Keep every word of the listing and reproduce it exactly, but set aside any image found there.

**MATERIAL SHOWN**
-=-=-
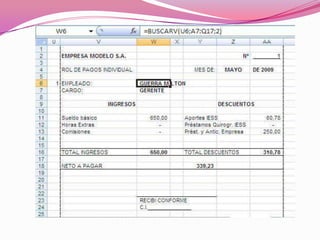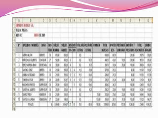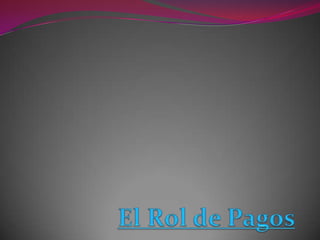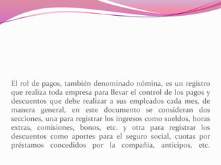 El documento describe el rol de pagos o nómina, un registro que las empresas usan para controlar los pagos y descuentos de los empleados cada mes. Contiene secciones para ingresos como sueldos y horas extras, y descuentos como aportes de seguridad social. Explica las columnas de un ejemplo de rol de pagos general y las fórmulas usadas para calcular valores. También cubre la creación de roles de pagos individuales para cada empleado.
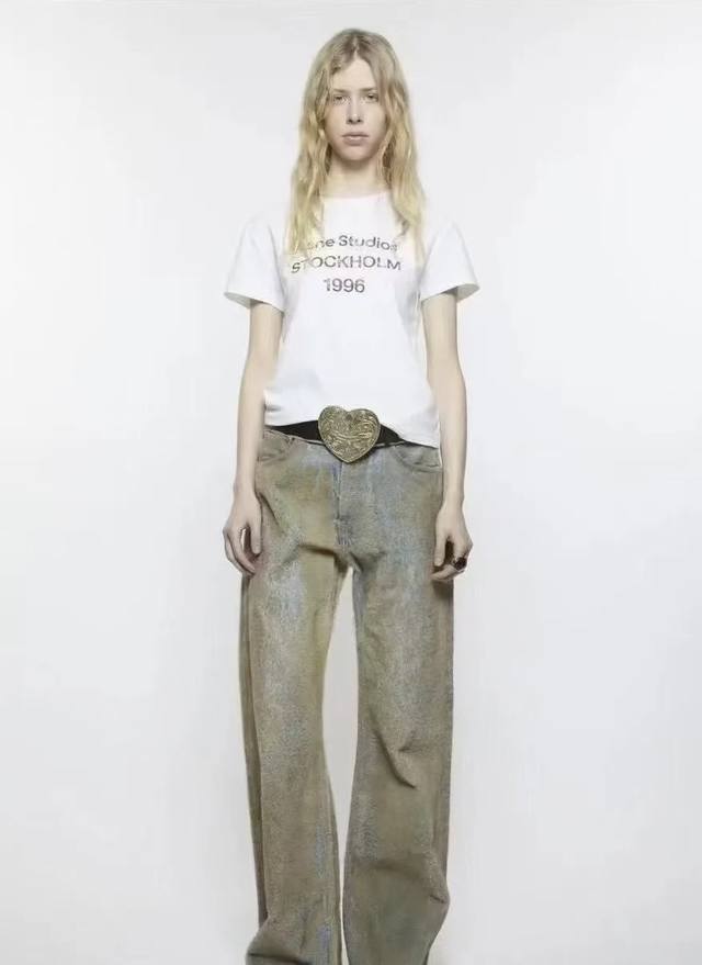 Acnestud*Ios New high-end custom fabric, distressed letter logo print, simple, stylish and versatile short-sleeved T-shirt! White, Black, Size M: Shoulder width 42cm, Bust 90cm, Sleeve length 16cm, Length 57cm DDD
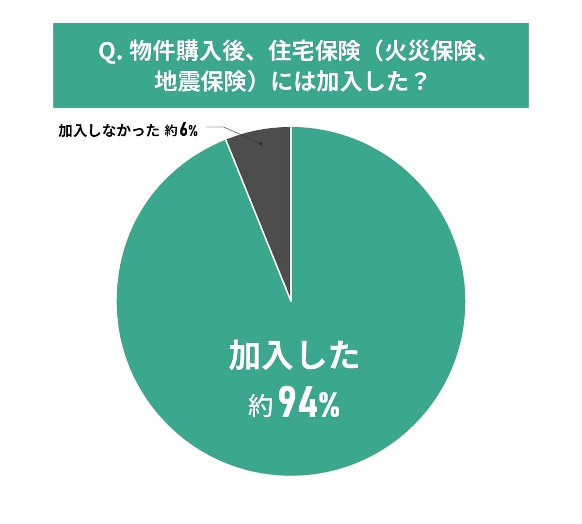 94%という高い加入率から、ほとんどの購入者が住宅保険の必要性を認識していることがわかります。一方で、6%の方は保険に加入していない状況です。
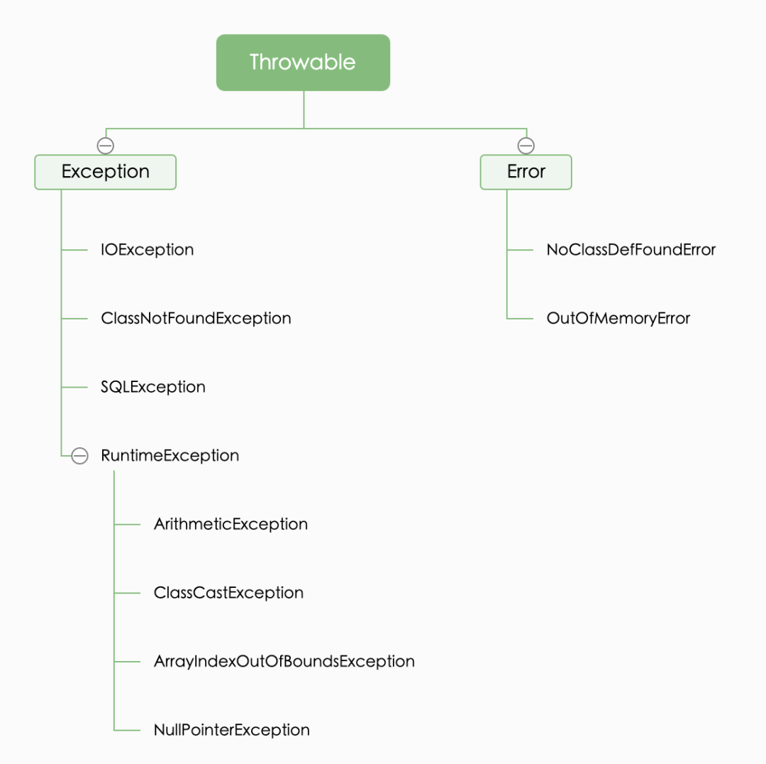 首先,Exception 和 Error 都继承了 Throwable 类。换句话说,只有 Throwable 类(或者子类)的对象才能使用 throw 关键字抛出,或者作为 catch 的参数类型。
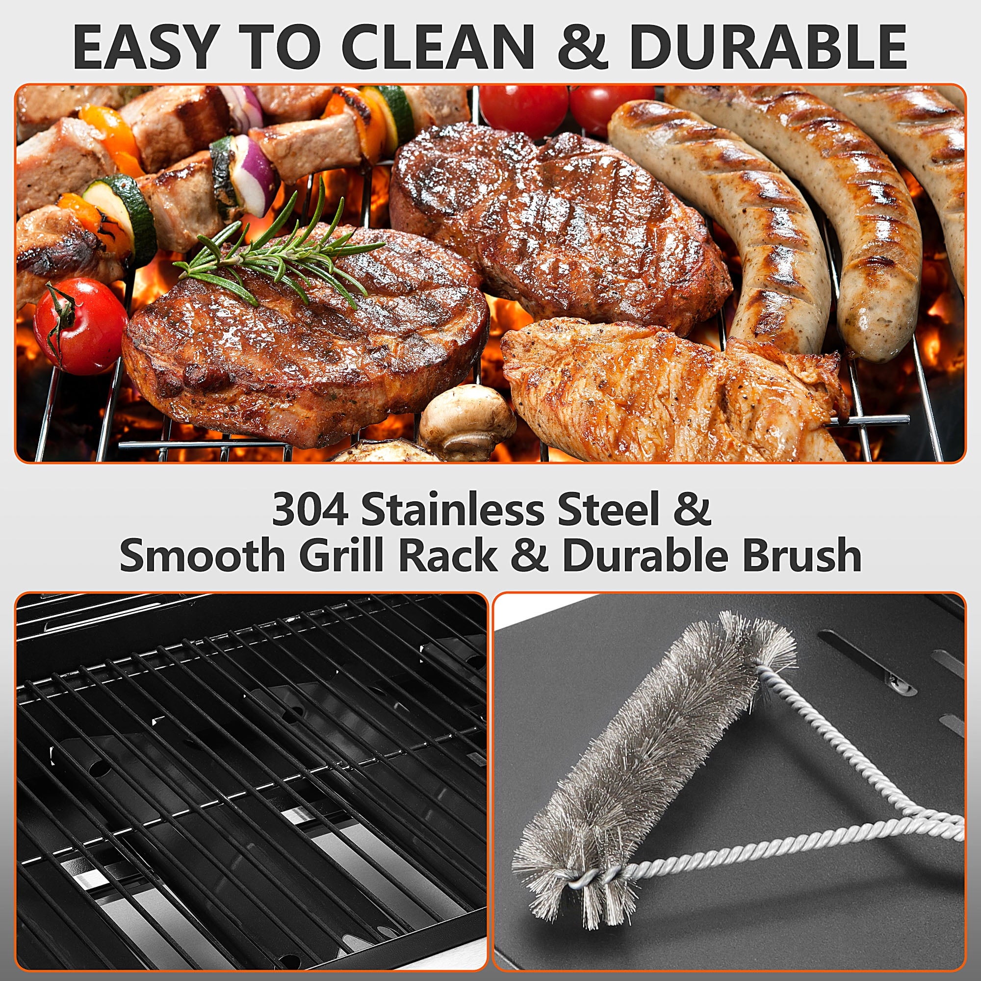 - 【EASY TO CLEAN】- Constructed with stainless steel materials, the smooth surface makes it easy to clean. A durable steel cleaning brush is included for targeted cleaning of the grill.
-=-=-
**OUTPUT OF THE TASK**
 El documento describe el rol de pagos o nómina, un registro que las empresas usan para controlar los pagos y descuentos de los empleados cada mes. Contiene secciones para ingresos como sueldos y horas extras, y descuentos como aportes de seguridad social. Explica las columnas de un ejemplo de rol de pagos general y las fórmulas usadas para calcular valores. También cubre la creación de roles de pagos individuales para cada empleado.
 Acnestud*Ios New high-end custom fabric, distressed letter logo print, simple, stylish and versatile short-sleeved T-shirt! White, Black, Size M: Shoulder width 42cm, Bust 90cm, Sleeve length 16cm, Length 57cm DDD
 94%という高い加入率から、ほとんどの購入者が住宅保険の必要性を認識していることがわかります。一方で、6%の方は保険に加入していない状況です。
 首先,Exception 和 Error 都继承了 Throwable 类。换句话说,只有 Throwable 类(或者子类)的对象才能使用 throw 关键字抛出,或者作为 catch 的参数类型。
 - 【EASY TO CLEAN】- Constructed with stainless steel materials, the smooth surface makes it easy to clean. A durable steel cleaning brush is included for targeted cleaning of the grill.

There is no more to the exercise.